# [Task to complete]
Would you please repeat all of the data exactly, omitting the pictures?

# [Data shown]
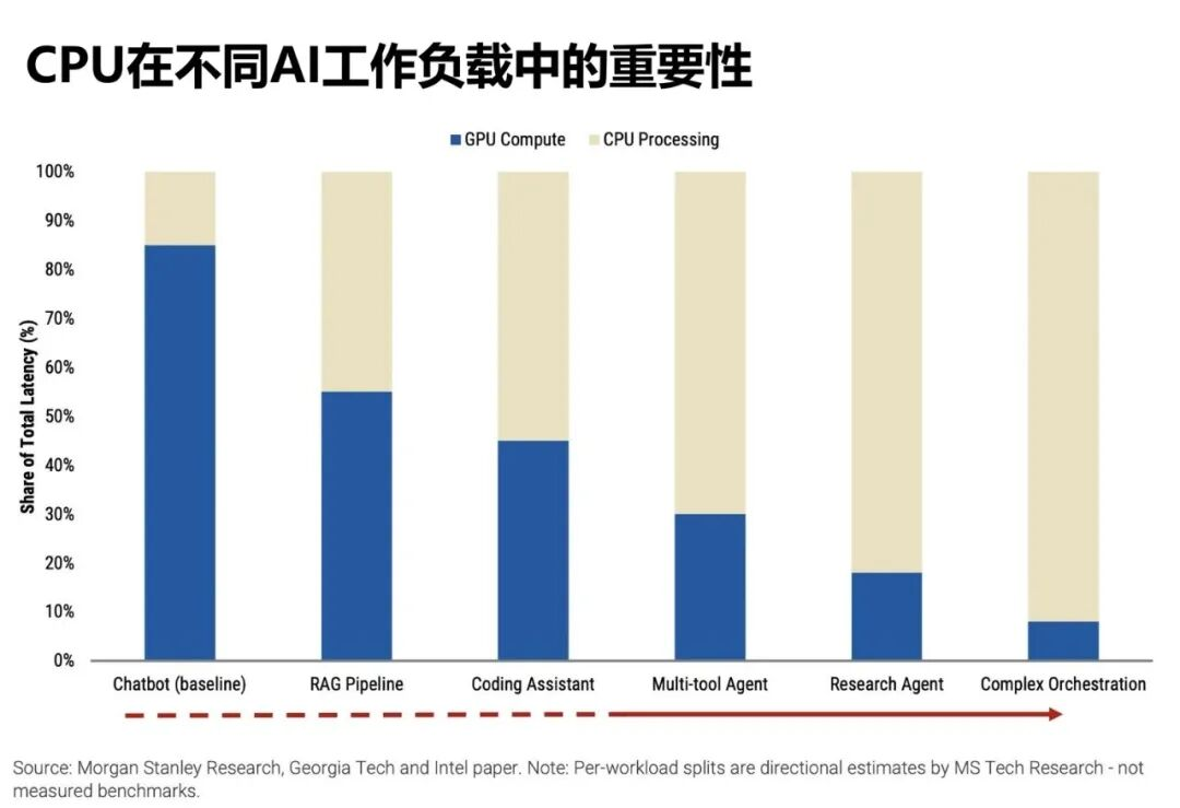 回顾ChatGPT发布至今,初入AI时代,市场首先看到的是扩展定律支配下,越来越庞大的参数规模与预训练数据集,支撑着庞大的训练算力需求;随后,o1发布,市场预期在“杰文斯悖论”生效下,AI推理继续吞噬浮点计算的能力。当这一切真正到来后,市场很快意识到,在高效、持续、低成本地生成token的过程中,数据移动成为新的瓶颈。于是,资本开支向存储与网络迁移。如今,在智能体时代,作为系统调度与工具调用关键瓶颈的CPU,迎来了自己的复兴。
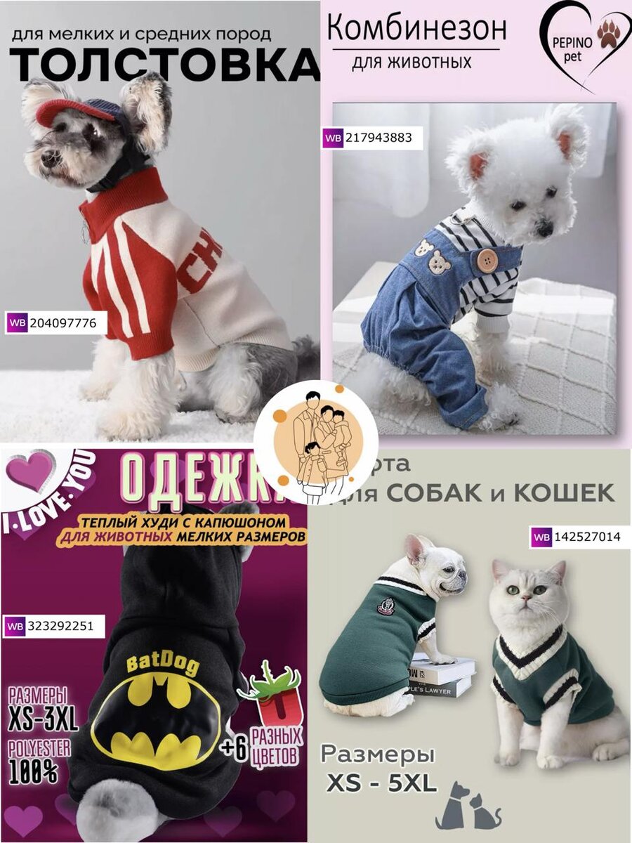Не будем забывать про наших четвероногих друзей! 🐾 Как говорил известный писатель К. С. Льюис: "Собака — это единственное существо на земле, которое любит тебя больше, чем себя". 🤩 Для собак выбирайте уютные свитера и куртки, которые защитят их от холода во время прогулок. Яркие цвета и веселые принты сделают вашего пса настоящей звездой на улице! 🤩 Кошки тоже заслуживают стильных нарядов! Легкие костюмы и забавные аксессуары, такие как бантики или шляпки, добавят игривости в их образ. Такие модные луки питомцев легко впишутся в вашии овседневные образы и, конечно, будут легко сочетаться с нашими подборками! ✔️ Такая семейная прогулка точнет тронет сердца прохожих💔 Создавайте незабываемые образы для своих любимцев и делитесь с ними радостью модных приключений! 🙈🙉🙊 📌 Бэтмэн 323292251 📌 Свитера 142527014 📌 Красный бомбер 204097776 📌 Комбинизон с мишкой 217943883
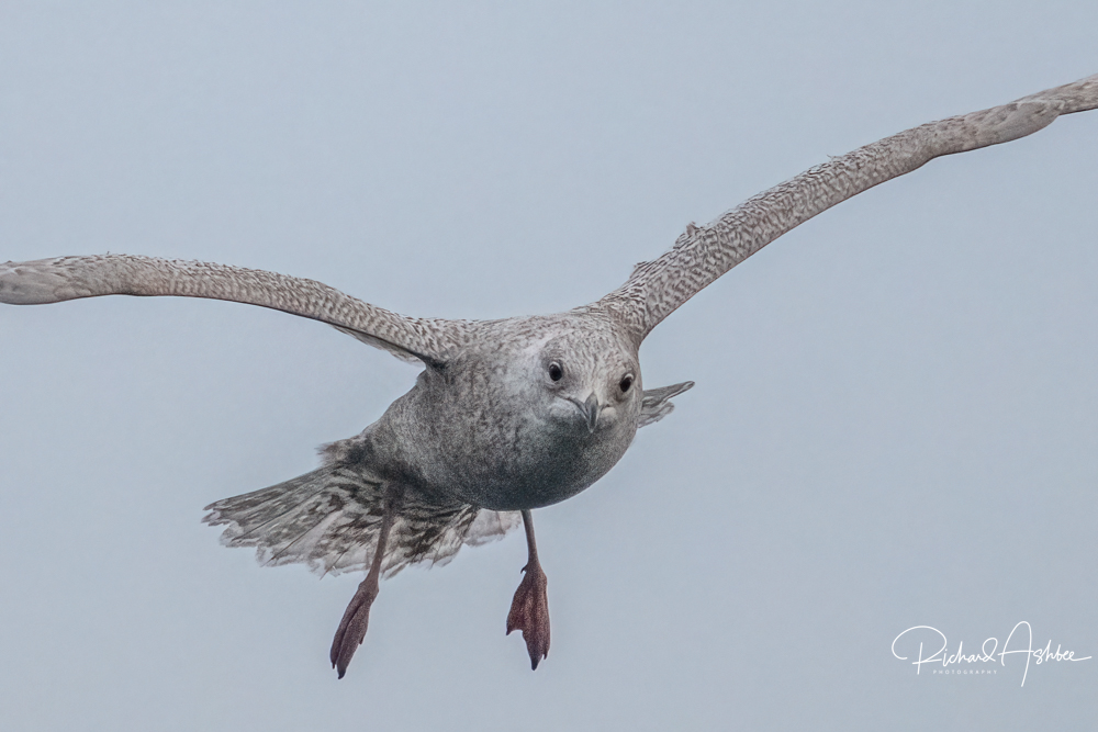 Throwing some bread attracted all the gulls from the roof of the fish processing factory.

# [Solution to the problem]
 回顾ChatGPT发布至今,初入AI时代,市场首先看到的是扩展定律支配下,越来越庞大的参数规模与预训练数据集,支撑着庞大的训练算力需求;随后,o1发布,市场预期在“杰文斯悖论”生效下,AI推理继续吞噬浮点计算的能力。当这一切真正到来后,市场很快意识到,在高效、持续、低成本地生成token的过程中,数据移动成为新的瓶颈。于是,资本开支向存储与网络迁移。如今,在智能体时代,作为系统调度与工具调用关键瓶颈的CPU,迎来了自己的复兴。
Не будем забывать про наших четвероногих друзей! 🐾 Как говорил известный писатель К. С. Льюис: "Собака — это единственное существо на земле, которое любит тебя больше, чем себя". 🤩 Для собак выбирайте уютные свитера и куртки, которые защитят их от холода во время прогулок. Яркие цвета и веселые принты сделают вашего пса настоящей звездой на улице! 🤩 Кошки тоже заслуживают стильных нарядов! Легкие костюмы и забавные аксессуары, такие как бантики или шляпки, добавят игривости в их образ. Такие модные луки питомцев легко впишутся в вашии овседневные образы и, конечно, будут легко сочетаться с нашими подборками! ✔️ Такая семейная прогулка точнет тронет сердца прохожих💔 Создавайте незабываемые образы для своих любимцев и делитесь с ними радостью модных приключений! 🙈🙉🙊 📌 Бэтмэн 323292251 📌 Свитера 142527014 📌 Красный бомбер 204097776 📌 Комбинизон с мишкой 217943883
 Throwing some bread attracted all the gulls from the roof of the fish processing factory.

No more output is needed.